* [Provided material]:
★ ★ ★ ★ ★ ★ ★
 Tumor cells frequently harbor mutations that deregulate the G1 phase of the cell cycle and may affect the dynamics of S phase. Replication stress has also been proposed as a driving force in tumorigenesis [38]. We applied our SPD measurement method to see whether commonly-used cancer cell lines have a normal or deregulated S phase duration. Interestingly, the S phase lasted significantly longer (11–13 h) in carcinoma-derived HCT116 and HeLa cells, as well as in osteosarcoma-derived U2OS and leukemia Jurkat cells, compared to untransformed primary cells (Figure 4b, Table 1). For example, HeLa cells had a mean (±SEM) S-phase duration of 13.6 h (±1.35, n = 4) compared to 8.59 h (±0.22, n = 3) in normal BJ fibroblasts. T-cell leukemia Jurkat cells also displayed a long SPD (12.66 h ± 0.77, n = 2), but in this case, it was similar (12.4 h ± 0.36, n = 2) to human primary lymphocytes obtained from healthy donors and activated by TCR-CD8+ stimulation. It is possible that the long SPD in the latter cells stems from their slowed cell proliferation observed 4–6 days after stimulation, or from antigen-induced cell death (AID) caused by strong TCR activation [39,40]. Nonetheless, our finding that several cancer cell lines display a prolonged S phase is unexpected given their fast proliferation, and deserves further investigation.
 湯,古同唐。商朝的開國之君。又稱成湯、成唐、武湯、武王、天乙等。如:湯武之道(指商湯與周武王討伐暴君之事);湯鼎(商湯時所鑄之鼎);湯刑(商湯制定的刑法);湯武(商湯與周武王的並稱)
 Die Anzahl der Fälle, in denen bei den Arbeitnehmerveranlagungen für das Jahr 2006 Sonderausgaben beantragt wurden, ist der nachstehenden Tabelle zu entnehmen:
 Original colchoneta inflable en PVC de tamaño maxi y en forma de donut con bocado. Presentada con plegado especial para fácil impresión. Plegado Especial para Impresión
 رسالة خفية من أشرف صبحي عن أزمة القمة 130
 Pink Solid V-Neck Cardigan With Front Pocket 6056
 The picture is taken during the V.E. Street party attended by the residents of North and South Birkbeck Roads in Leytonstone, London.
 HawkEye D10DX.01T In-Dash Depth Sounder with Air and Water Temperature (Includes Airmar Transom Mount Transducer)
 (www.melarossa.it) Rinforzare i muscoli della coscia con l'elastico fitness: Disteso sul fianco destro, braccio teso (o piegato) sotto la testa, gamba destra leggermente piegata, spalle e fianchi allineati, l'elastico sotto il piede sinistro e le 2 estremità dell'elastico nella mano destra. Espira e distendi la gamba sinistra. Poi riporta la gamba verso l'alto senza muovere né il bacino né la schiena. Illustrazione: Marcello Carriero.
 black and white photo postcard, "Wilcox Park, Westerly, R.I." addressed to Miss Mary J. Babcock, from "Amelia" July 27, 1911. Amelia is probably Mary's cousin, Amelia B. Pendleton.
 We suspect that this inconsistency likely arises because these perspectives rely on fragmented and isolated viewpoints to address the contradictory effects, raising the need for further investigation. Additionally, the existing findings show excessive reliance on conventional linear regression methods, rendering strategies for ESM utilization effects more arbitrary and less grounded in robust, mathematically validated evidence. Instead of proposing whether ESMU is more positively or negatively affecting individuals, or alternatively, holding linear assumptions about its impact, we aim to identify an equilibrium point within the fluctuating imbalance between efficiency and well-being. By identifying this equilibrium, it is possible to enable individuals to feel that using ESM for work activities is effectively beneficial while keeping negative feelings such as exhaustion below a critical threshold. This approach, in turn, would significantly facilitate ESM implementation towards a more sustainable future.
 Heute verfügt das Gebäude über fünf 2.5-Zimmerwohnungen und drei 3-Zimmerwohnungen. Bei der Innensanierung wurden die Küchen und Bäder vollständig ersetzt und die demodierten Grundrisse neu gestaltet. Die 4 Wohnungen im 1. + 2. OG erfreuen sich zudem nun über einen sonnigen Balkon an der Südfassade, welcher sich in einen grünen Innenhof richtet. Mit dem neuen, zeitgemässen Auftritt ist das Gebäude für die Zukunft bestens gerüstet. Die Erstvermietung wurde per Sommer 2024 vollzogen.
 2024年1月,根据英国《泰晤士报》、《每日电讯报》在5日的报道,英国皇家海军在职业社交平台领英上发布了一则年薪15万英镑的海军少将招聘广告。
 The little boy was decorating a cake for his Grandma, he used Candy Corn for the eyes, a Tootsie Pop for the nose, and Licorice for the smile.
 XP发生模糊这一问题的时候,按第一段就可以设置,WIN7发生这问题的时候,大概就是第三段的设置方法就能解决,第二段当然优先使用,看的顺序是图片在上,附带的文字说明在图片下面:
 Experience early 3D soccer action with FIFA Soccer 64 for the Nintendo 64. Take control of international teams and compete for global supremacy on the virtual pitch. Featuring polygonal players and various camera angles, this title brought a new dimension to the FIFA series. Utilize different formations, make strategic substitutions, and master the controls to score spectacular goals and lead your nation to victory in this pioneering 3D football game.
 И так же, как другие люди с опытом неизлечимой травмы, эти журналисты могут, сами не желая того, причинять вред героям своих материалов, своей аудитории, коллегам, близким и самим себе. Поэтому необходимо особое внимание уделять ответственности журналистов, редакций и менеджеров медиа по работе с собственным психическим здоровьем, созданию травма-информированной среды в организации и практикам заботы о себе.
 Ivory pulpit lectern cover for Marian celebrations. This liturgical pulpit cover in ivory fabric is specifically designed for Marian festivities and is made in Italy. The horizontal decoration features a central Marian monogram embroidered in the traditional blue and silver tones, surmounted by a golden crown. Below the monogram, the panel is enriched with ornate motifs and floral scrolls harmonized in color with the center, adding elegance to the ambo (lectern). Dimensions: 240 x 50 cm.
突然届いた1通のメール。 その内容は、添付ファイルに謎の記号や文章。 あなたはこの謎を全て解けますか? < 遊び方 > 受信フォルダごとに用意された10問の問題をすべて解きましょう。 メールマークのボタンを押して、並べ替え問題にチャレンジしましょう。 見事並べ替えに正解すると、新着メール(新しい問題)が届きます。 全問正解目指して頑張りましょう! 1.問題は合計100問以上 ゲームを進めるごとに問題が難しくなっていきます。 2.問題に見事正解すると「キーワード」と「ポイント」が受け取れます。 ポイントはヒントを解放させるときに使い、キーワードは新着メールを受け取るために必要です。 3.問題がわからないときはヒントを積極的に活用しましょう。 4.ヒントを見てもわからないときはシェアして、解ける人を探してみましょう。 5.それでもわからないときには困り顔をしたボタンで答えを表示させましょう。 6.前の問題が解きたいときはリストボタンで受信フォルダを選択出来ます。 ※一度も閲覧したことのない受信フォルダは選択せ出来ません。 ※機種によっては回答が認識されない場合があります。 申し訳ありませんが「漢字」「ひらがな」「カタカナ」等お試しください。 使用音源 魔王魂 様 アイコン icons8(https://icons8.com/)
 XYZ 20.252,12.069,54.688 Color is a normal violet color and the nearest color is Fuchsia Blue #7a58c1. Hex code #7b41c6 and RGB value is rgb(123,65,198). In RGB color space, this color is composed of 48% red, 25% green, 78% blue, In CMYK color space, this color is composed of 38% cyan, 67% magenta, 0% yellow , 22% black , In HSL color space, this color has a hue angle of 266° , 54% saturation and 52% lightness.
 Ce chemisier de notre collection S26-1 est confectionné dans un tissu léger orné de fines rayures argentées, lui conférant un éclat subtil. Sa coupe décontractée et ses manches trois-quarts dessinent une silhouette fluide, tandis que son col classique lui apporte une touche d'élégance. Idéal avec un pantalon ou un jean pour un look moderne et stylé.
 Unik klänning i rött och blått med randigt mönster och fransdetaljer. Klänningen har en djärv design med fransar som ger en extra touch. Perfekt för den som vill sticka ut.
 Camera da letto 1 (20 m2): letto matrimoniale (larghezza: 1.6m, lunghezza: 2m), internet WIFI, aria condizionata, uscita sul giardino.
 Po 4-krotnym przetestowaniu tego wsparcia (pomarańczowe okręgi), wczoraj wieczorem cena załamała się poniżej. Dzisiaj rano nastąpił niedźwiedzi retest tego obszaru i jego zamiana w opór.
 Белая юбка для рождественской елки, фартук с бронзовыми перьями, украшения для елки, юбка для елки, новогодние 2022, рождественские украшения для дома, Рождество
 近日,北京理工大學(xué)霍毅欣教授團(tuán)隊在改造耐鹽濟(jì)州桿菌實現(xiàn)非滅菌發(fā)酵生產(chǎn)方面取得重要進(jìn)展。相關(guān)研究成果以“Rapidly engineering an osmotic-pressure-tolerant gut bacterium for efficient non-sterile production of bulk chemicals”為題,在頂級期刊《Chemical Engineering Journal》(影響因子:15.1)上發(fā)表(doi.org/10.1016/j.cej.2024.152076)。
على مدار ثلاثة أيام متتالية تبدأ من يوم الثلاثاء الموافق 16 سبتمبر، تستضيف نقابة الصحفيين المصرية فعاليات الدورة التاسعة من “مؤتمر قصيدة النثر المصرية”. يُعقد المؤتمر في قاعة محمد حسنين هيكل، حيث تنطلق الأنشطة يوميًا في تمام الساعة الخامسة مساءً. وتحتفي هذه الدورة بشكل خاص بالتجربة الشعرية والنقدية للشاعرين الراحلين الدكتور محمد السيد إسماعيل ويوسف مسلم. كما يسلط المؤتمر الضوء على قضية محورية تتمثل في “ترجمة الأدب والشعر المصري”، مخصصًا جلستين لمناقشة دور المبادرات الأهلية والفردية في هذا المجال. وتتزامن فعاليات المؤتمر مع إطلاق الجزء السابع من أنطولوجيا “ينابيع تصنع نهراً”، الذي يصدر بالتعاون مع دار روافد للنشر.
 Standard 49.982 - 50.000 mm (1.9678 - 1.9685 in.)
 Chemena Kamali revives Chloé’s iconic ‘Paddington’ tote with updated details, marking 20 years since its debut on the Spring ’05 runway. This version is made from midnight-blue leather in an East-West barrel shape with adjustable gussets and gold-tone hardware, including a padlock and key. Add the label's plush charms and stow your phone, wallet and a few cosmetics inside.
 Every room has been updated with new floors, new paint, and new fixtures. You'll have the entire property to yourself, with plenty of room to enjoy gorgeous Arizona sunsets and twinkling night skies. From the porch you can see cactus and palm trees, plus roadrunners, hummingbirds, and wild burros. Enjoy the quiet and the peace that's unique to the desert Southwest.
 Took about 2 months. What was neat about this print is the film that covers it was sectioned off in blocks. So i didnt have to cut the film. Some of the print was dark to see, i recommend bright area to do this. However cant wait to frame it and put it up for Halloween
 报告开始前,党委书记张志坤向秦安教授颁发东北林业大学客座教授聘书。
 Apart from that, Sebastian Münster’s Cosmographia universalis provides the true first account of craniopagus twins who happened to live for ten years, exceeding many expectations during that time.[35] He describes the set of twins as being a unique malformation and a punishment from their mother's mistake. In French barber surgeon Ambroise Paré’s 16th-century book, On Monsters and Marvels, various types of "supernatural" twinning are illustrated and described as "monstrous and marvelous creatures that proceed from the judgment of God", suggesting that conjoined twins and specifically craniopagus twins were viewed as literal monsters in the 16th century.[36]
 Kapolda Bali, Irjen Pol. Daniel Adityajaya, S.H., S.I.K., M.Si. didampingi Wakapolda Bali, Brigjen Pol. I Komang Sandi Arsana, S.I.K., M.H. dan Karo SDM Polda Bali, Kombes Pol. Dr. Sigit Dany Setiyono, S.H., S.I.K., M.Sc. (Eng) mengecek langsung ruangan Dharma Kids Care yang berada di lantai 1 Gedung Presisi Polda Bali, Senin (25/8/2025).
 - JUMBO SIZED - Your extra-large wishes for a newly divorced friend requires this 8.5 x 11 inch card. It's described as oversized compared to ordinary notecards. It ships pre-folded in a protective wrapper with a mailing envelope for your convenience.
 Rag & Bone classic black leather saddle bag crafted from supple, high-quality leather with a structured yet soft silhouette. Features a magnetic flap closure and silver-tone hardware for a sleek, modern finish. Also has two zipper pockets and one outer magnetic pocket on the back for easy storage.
★ ★ ★ ★ ★ ★ ★
Output should match, line for line, the stretch of the material above from the line holding "Белая юбка для" through the line holding "engineering an osmotic-pressure-tolerant".

* [Result for this exercise]:
 Белая юбка для рождественской елки, фартук с бронзовыми перьями, украшения для елки, юбка для елки, новогодние 2022, рождественские украшения для дома, Рождество
 近日,北京理工大學(xué)霍毅欣教授團(tuán)隊在改造耐鹽濟(jì)州桿菌實現(xiàn)非滅菌發(fā)酵生產(chǎn)方面取得重要進(jìn)展。相關(guān)研究成果以“Rapidly engineering an osmotic-pressure-tolerant gut bacterium for efficient non-sterile production of bulk chemicals”為題,在頂級期刊《Chemical Engineering Journal》(影響因子:15.1)上發(fā)表(doi.org/10.1016/j.cej.2024.152076)。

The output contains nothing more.